I'd like to believe there is still time, time to declare war on mental illness, time for a mental health moonshot, a generational all-out assault on prevention, treatment, and awareness. But how? Our leaders, those in a position to affect real change seem incapable of action, more concerned with power and self-aggrandizement than a unified goal for the greater good. We've become a nation adrift, with no collective purpose, no vision of what a better healthier America looks like, no longer able to unite toward overcoming a common cause. How many more Grayson Murrays will it take?

But there is hope, for in tragedy we pause. An opening appears, a slight window in time to galvanize action and awareness, to make progress in some meaningful ways. But the window remains open only so long, its closing as I type. Once again, we've heard the bell toll. How can we convince each other once again that it tolls for thee? For it does. We've all been adversely affected by the mental health struggles of our sisters and brothers. Before we resume regularly scheduled programming, can we pause just a little longer?

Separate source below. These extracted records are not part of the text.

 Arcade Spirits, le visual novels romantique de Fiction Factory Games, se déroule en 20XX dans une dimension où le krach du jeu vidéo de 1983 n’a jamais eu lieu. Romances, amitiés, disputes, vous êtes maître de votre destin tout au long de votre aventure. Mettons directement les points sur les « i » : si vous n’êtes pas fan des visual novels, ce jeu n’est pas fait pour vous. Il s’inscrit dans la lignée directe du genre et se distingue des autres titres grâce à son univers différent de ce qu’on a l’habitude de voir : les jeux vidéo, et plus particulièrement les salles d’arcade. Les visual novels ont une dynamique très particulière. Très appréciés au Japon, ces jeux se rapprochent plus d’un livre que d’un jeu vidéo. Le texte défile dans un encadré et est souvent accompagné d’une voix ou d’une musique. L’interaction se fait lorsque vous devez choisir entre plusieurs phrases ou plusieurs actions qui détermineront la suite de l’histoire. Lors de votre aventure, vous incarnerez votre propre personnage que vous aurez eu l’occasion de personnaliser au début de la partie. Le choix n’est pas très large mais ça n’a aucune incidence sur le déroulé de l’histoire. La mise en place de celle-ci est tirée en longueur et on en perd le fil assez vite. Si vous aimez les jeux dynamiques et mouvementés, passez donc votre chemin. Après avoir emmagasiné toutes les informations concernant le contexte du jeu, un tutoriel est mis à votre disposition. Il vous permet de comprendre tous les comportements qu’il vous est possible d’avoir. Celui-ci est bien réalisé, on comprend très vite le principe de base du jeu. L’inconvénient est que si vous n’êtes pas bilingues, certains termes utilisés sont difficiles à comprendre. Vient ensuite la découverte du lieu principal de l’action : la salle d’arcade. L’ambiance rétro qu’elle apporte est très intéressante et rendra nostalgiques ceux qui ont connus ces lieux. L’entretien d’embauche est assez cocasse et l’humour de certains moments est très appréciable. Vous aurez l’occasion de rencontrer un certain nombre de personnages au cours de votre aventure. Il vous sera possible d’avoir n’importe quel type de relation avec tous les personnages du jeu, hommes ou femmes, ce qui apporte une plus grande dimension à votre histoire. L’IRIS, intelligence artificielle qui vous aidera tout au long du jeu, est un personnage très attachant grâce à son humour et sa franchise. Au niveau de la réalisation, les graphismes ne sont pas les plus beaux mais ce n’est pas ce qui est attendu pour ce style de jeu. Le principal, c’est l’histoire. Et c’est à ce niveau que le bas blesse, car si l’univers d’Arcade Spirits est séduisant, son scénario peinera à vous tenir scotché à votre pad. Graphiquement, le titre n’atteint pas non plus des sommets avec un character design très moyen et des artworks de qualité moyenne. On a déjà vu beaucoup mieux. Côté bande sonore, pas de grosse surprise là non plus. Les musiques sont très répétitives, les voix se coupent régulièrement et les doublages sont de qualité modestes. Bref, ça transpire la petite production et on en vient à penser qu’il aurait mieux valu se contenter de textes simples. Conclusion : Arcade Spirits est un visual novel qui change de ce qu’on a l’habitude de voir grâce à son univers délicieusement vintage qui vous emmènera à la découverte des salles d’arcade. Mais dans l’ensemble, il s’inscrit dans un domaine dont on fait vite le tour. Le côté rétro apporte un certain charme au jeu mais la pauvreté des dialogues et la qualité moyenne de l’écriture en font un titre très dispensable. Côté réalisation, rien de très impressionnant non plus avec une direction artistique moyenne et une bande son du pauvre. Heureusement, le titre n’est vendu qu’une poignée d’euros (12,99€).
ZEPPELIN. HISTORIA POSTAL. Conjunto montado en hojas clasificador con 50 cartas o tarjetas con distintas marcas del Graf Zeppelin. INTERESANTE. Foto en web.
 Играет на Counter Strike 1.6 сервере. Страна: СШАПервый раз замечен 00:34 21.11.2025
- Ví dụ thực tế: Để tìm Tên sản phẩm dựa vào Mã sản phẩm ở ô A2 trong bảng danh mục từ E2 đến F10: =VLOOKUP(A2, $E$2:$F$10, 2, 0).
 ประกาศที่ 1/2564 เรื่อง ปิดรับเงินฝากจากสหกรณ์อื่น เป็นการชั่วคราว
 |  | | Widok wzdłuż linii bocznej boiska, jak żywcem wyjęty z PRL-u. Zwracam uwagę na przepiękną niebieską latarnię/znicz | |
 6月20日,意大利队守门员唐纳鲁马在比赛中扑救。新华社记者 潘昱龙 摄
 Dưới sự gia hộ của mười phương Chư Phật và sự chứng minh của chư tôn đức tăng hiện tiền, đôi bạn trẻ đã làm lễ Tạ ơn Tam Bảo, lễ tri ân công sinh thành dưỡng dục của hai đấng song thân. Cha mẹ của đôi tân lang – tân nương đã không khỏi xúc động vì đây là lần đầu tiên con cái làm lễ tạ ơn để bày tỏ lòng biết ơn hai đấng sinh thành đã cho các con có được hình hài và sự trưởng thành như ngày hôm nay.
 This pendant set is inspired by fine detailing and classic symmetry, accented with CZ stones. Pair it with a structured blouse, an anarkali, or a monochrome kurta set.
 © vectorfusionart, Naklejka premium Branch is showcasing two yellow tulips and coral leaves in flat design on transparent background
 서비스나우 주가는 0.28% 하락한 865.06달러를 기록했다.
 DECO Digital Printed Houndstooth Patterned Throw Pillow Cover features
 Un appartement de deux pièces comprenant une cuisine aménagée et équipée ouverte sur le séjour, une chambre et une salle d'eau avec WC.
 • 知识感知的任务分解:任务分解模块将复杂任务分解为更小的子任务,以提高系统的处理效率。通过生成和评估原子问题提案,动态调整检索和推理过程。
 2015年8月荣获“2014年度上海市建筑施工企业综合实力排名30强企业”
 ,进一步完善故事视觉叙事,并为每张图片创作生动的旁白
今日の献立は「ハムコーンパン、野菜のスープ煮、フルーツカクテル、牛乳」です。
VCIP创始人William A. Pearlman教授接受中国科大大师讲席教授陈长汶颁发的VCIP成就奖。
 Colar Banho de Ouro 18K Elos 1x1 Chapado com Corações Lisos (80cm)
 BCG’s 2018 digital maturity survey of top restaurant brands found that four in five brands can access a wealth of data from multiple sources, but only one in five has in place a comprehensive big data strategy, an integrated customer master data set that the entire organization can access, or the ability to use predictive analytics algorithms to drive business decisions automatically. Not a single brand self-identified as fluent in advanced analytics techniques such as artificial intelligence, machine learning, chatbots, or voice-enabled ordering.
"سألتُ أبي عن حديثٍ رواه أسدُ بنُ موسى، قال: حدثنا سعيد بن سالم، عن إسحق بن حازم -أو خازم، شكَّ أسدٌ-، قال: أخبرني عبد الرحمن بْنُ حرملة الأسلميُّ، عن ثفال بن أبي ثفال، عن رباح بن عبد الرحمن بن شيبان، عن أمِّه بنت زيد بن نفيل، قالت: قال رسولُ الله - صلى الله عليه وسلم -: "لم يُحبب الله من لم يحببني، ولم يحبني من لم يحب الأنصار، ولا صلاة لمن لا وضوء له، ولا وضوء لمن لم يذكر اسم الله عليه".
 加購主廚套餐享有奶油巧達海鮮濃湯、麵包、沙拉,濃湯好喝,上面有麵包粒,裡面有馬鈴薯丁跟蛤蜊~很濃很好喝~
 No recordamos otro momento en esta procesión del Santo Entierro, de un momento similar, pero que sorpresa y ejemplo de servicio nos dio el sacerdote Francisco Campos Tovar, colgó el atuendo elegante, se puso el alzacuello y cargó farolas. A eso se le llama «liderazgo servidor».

There's a 3-digit Suicide Awareness number. Did you know it was 988? I didn't know either and I should. It turns out 82% of Americans are unaware of it also. To me, that is unacceptable. What is needed is a high-profile social media blitz to spread awareness of this life-saving service. I'm calling on my peers in the tennis and entertainment industries to leverage your high-impact contacts to see if we can create a campaign to help bring awareness to this simple yet life-saving service.

Every great journey begins with a first step. We can make this the beginning of something great. We are amid a National Crisis. National, that means all of us, you and me. Let's put our energies and talents together and see what we can do.